TransCanada (TSX:TRP) and Phoenix Energy Holdings Ltd., a unit of state-owned China National Petroleum Corp., would each own half of the Grand Rapids project, which would carry up to 900,000 barrels of crude per day along with 330,000 barrels per day of diluent, which helps thick oilsands bitumen to flow through pipelines.
The pipeline would run about 500 kilometres between an emerging oilsands area northwest of Fort McMurray, Alta., to the industrial heartland near Edmonton. It's expected to be in service by early 2017.
"As Alberta crude oil production continues to grow, it's critical to have the infrastructure in place to move oil to market from emerging developments west of the Athabasca River," said TransCanada CEO Russ Girling in a release.
"This is the first major pipeline project to meet the needs of this fast-growing area."
Crude production in Alberta is expected to grow by three million barrels a day over the next 15 years, nearly all of which will be from the Athabasca oilsands region, said Paul Miller, TransCanada's senior vice-president of oil pipelines.
And of that growth, about half is expected to come from the west side of the Athabasca River, he added.
"We see ourselves as being a significant player in the inter-Alberta transmission business," he said in an interview.
TransCanada will operate the system. Pheonix has committed to ship crude from its Dover and MacKay River oilsands projects south and diluent from the Edmonton area north to the mine sites.
"Given that transportation in the Athabasca region has become a bottleneck, working with TransCanada to build a pipeline system in a timely fashion is crucial to implement our development strategy," said Pheonix CEO Zhiming Li.
"This transportation solution will be important to Phoenix and other potential producers in this area to monetize their huge resources."
In 2009, Athabasca Oil Corp. (TSX:ATH) sold a 60 per cent interest in its MacKay River and Dover oilsands leases to CNPC. Earlier this year, Athabasca exercised its option to sell the rest of MacKay River, making that project the first in the oilsands to be fully controlled by a Chinese company.
The Dover project is expected to obtain regulatory approval early next year and, once it does, there will be an identical divestiture option.
In August, TransCanada announced it had been selected to build the Northern Courier pipeline — a $660-million project to connect crude from the yet to be developed Fort Hills oilsands mine to the Voyageur upgrader, where the oilsands bitumen will be processed into a type of crude refineries can handle.
The Fort Hills partners are Suncor Energy Inc. (TSX:SU), Teck Resources Ltd. (TSX:TCK.B) and Total SA. Suncor and Total, which work together on a variety of oilsands assets, are reviewing their joint projects in an effort to drive down costs.
Desjardins Securities analyst Pierre Lacroix said the partnership will bring both financial and strategic benefits to TransCanada.
"In addition to its substantial size, the project builds on (TransCanada's) recent efforts to expand in the intra-Alberta crude oil transportation market, which has typically been dominated by other large energy infrastructure players," he wrote in a note to clients.
Enbridge (TSX:ENB) is the biggest shipper of crude in the oilsands region and has undertaken a number of expansion projects to its vast network in recent years.
TransCanada is a relatively new entrant into the regional Alberta oil pipeline business and it's tough for new projects to compete with pipelines that are already in the ground, said Miller.
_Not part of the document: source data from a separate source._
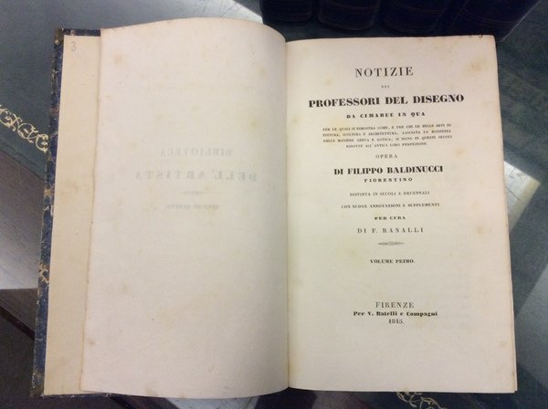 In-8 p. (mm. 220x135), 5 volumi, mezza pelle coeva, filetti e titolo oro al dorso, pp. 607; 666; 758; 715; 720. Nell'opera si dimostra come, e per chi le belle arti di pittura, scultura e architettura, lasciata la rozzezza delle maniere greca e gotica, si siano in questi secoli ridotte all'antica loro perfezione. Questa edizione porta in Appendice la ristampa della Vita del Bernini (che l'A. scrisse per commissione di Cristina regina di Svezia).Così Schlosser Magnino, p. 466: E' questa in realtà la prima storia universale dell'arte figurativa in Europa, scritta in uno stile impeccabile, sì da esser compresa fra i testi di lingua della Crusca.. Si comincia con l'avo leggendario Cimabue (1260) fino ad arrivare a Fra Mattio Preti, detto il Pittor Calabrese (1670).. Baldinucci ha riunito documenti e altri manoscritti in quantità rilevante, e anche se la sua critica è talvolta discutibile, con questo uso di relazioni autentiche egli si avvicina al tipo del moderno storico dell'arte.Cfr. CLIO VII,5348 - Gamba,1759 cita le varie ediz. a partire dalla prima in 6 volumi del 1681-1728.Qualche lieve fiorit., ma complessivam. esemplare ben conservato.<br> "Il fiorentino Filippo Baldinucci (1624-96), letterato e scrittore di arte, fu consulente del Card. Leopoldo de' Medici e ne ordinò la collezione di disegni, ora agli Uffizi. Scrisse una serie di biografie di artisti, compilò il Vocabolario Toscano dell'Arte del Disegno (1681) e a lui dobbiamo la migliore e più accurata biografia del Bernini. Fu anche incisore e collezionista di disegni (ora al Louvre)". Cfr. Diz. Treccani,II, p. 35.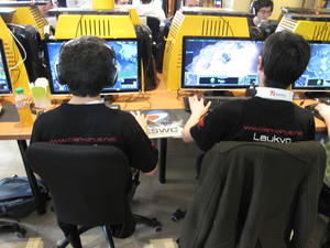 J'entre dans la salle, ça sent les APM ! Les joueurs sont concentrés et on peut entendre les clicks frénétiques des souris qui chauffent.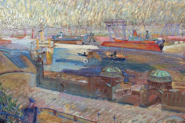 Editor: So, this is "Tomis Market," a 1975 oil painting by Octav Angheluta. It's a somewhat muted cityscape, dominated by these aged, textured buildings behind what seems to be a weathered fence. What do you see in it? Curator: Well, my first impulse is pure sensation – I want to *feel* those thick layers of oil paint, you know? It's so tactile! But beyond that, it evokes this very particular sense of place and time. Think about it: it's 1975. The ghost of Impressionism still lingers, but modernism has certainly crashed the party, right? Editor: Definitely! The scene itself seems almost… hidden. Like we’re peeking into a secret corner of the city. Curator: Exactly! And hidden maybe from a *dream*. Those colours are so interesting–a symphony of subtle grays and earthy reds and umbers, not quite joyful, not quite mournful... almost *reminiscent*. He doesn't idealize, and yet it's not gritty realism, either. I wonder if this was the Romania Angheluta *remembered*, or the one he longed to re-paint? Editor: Hmm, that makes me think about how the fence acts as a barrier. Maybe not just physical, but temporal? Separating the viewer from that past? Curator: A temporal veil, I like that. Fences aren't just about keeping people *out*; they can keep memories *in*. Does the composition reinforce this sense of confinement or privacy, do you think? Editor: I think it does. There’s no clear vanishing point, our eye just kind of stops at those buildings. The buildings loom–looming is maybe a strong word!–but it really centers the past as the present, like Angheluta froze that moment in time. Curator: Precisely! And freezing, by its very nature, distorts, preserves. Maybe the distortions *are* the key here? Beautiful. Well, I’ll never look at a cityscape the same way again! Thanks. Editor: Me neither! Thanks for all your insights! It was really interesting thinking about this painting through the lens of time and memory.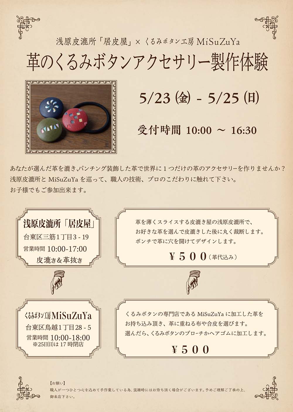 [ワークショップ]312)くるみボタン工房 MiSuZuYa:台東区鳥越1-28-5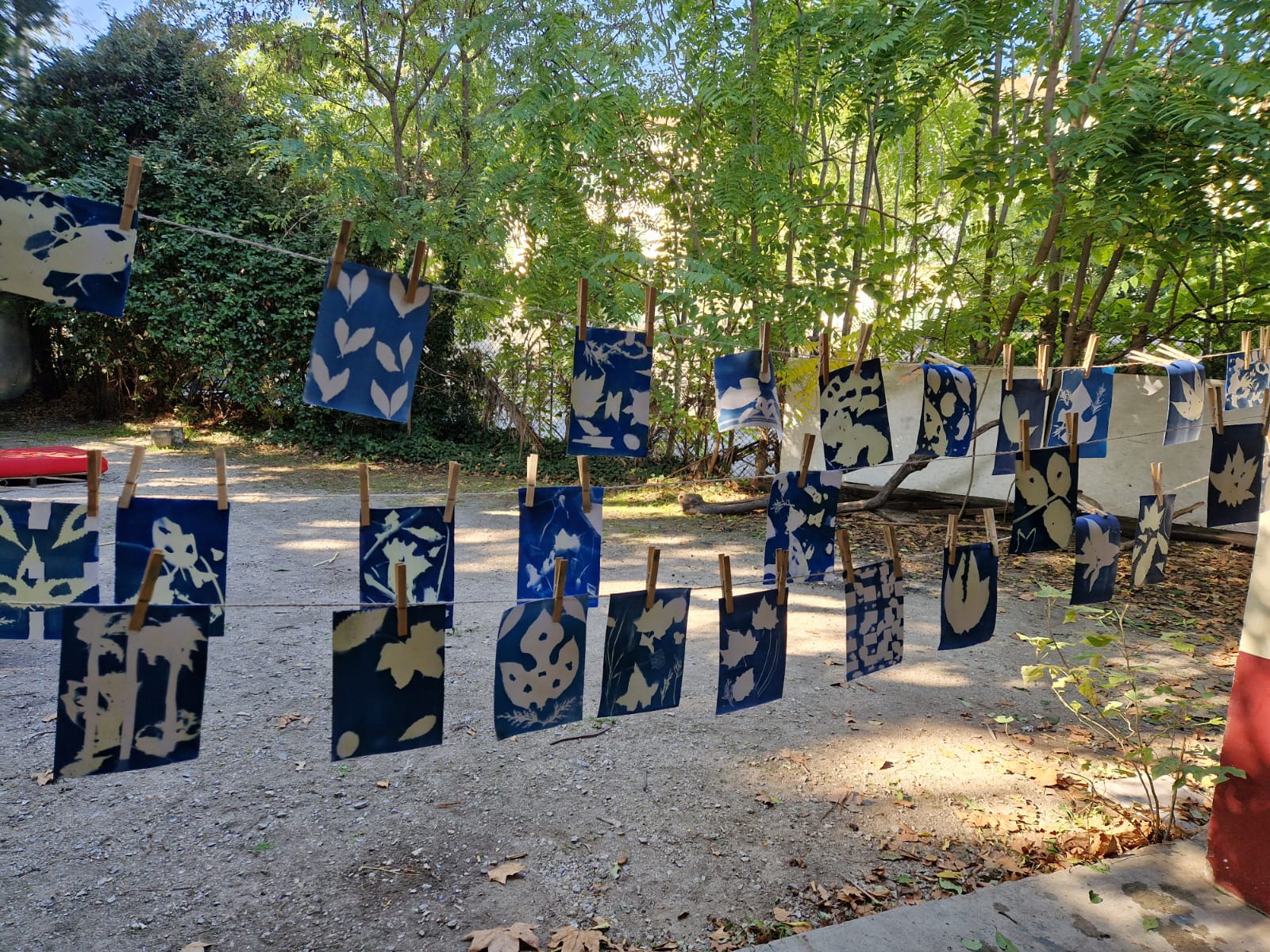Les élèves ont expérimenté cette ancienne technique photographique bleutée, en y intégrant des éléments naturels pour créer de véritables œuvres uniques, mêlant science et poésie.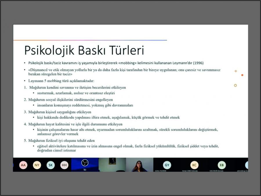 İşyerinde Psikolojik Baskı eğitimini 06.01.2020 Çarşamba günü 10.00 - 12.00 saatleri arasında Arş. Gör. Elif USTA online olarak gerçekleştirdi. Eğitimlerin sonunda dinleyicilerin soruları cevaplandırıldı.

However, once existing pipelines fill up, TransCanada believes it's in a good position to win new business, he added.
Calgary-based TransCanada operates one of North America's largest networks of energy pipelines.
Lately, it's become best known for its controversial Keystone XL project, which would expand the company's capacity to carry Alberta crude to U.S. markets. That's an extension of an existing pipeline that currently delivers crude to Illinois and Oklahoma.
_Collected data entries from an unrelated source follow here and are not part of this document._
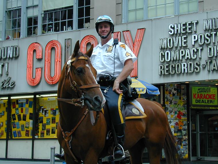 There were still tons of vendors selling all kinds of counterfeit goods. Oakley sunglasses were very popular, all sold by very dark-skinned Africans. They had the sunglasses in large garbage bags with the sides rolled down neatly, and would pack up and move as soon as they saw police in the area. We actually saw this happen. The cop below was posing for us...
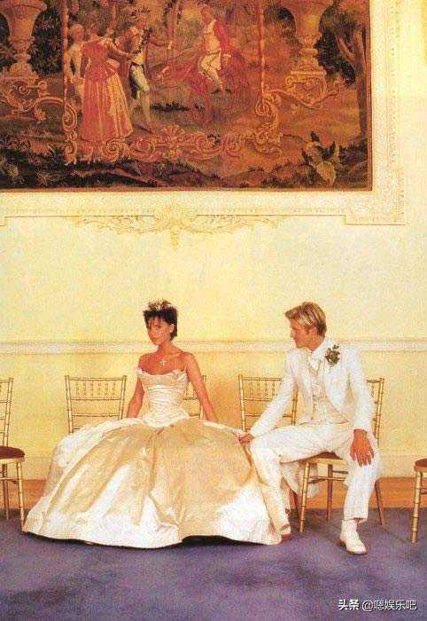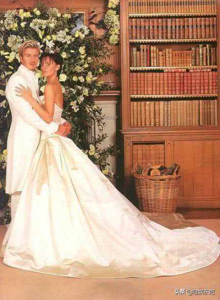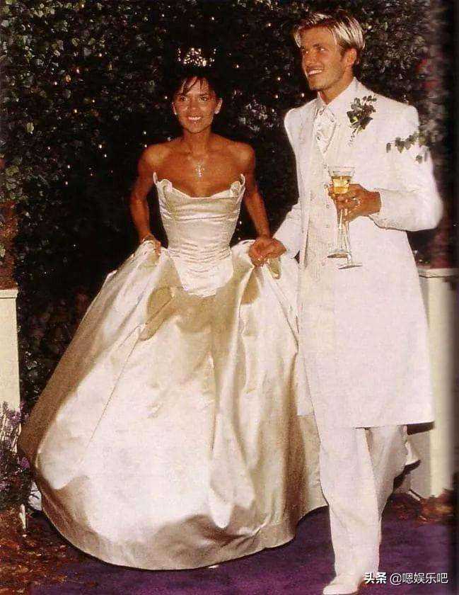 维多利亚1999年的豪华婚礼上的这件嫁衣长达20英尺,也成为当时最昂贵的婚纱,$100.000(约RMB61万);设计非常简洁大方,几乎没有累赘的蕾丝、花边、蝴蝶结之类的装饰,胸口处飞扬向上的抹胸造型如同她火辣张扬的个性,头顶的王冠则给她添加了一份高贵和霸气。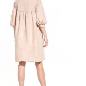 Sukienka midi z dekoltem w szpic, lekko marszczona na linii piersi z bufiastym rękawem 3/4 zakończonym mankietem.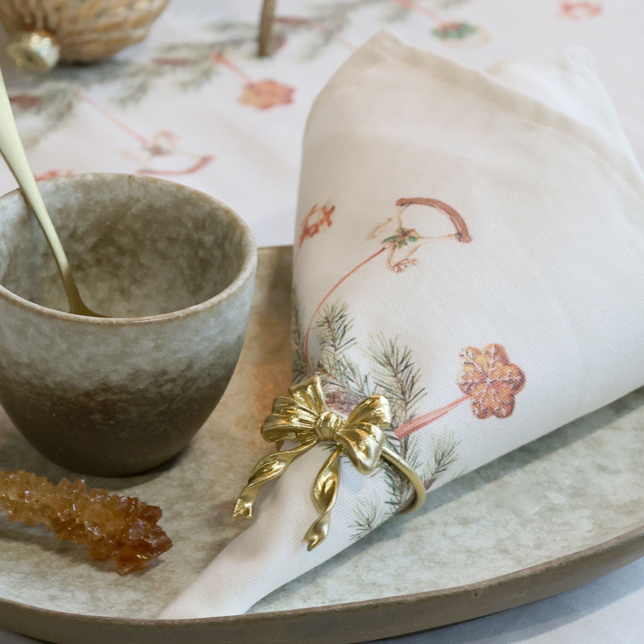 Tilføj et strejf af elegance til dit julebord med disse smukke servietringe med sløjfer fra Chic Antique. De fine servietringe i gyldent emmer af julestemning og klassisk charme. Servietringene passer perfekt sammen med de flotte juleduge og servietter.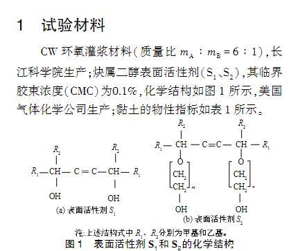 对于环氧树脂灌浆材料,加入表面活性剂对浆液的黏度、表面张力、接触角、固化物的力学性能及对被灌体的渗透性有何影响?目前这方面的的研究少见报道。而这些研究对环氧灌浆材料的开发以及灌浆施工都具有非常重要的意义。本文以长江科学院CW环氧灌浆材料为改性对象,加入非离子表面活性剂炔属二醇对其改性,研究表面活性剂对环氧浆液的黏度、表面张力、接触角、渗透性和浆液固结体力学性能的影响,在此基础上探讨了表面活性剂降低浆液表面张力、接触角以及提高浆液渗透性的机理。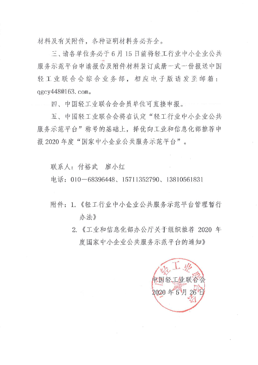 三、請(qǐng)各單位務(wù)必于6月15日前將輕工行業(yè)中小企業(yè)公共服務(wù)示范平臺(tái)申請(qǐng)報(bào)告及附件材料裝訂成冊(cè)一式一份報(bào)送中國(guó)輕工業(yè)聯(lián)合會(huì)綜合業(yè)務(wù)部,相應(yīng)電子版請(qǐng)發(fā)至郵箱:qgcy448@163.com。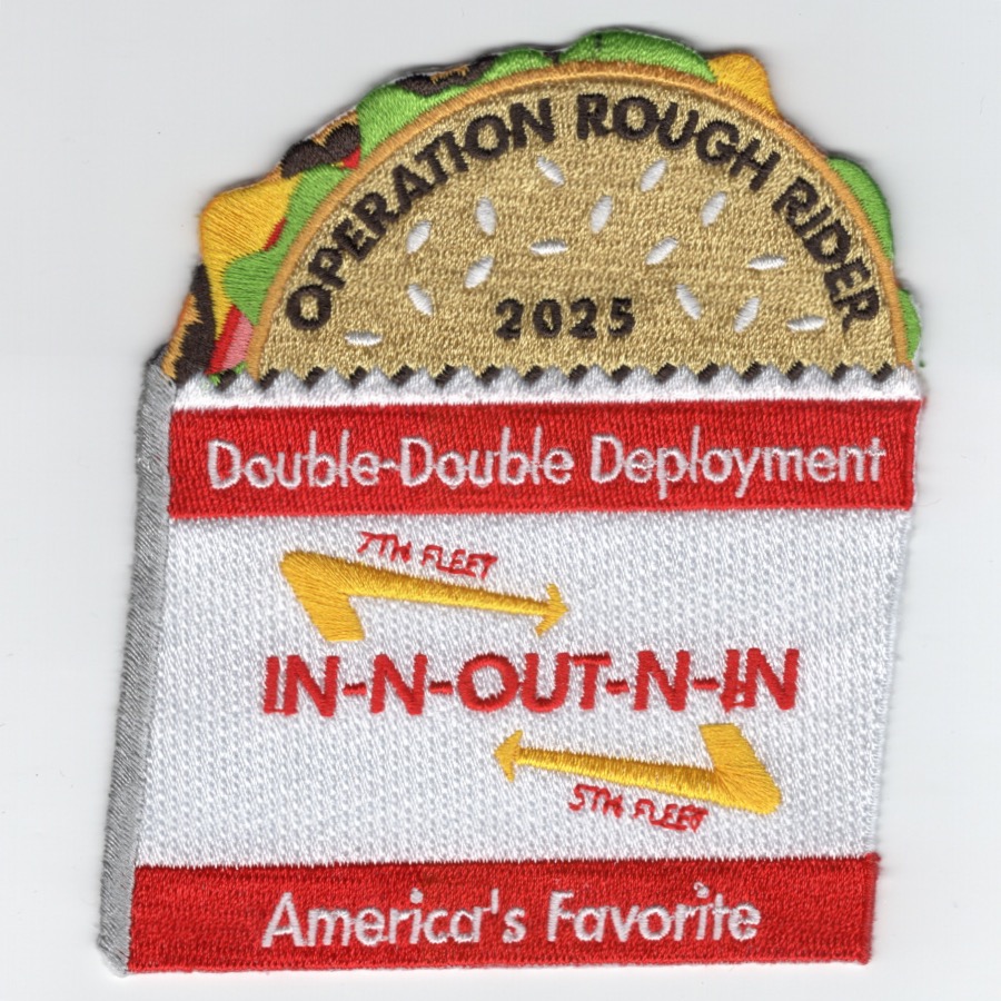 (Another AV8RSTUFF Creation): Carrier Airborne Early Warning Squadron 113 (VAW-113), known as “Black Eagles”, was established on 20 April 1967 flying the E-2A Hawkeye. Check WIKIPEDIA for a very long and distinguished flying career for the squadron! This is one of their 2025 cruise patches that goes with their other “IN-n-OUT” patch and DOES NOT come with velcro attached.

Construction is underway on the southern leg of the pipeline between a major storage hub in Oklahoma to refineries along the U.S. Gulf Coast.
A decision on the northern portion, delayed because of environmental concerns in Nebraska, is expected early in the new year.
Environmentalists are concerned a spill from the pipeline could cause ecological harm in the American heartland and increase U.S. reliance on oilsands crude, which they deem dirtier than other varieties.
TransCanada and proponents, meanwhile, say Keystone XL will help supplant oil imports from hostile regimes with crude from a friendly northern neighbour and provide a much needed economic boost throughout the country.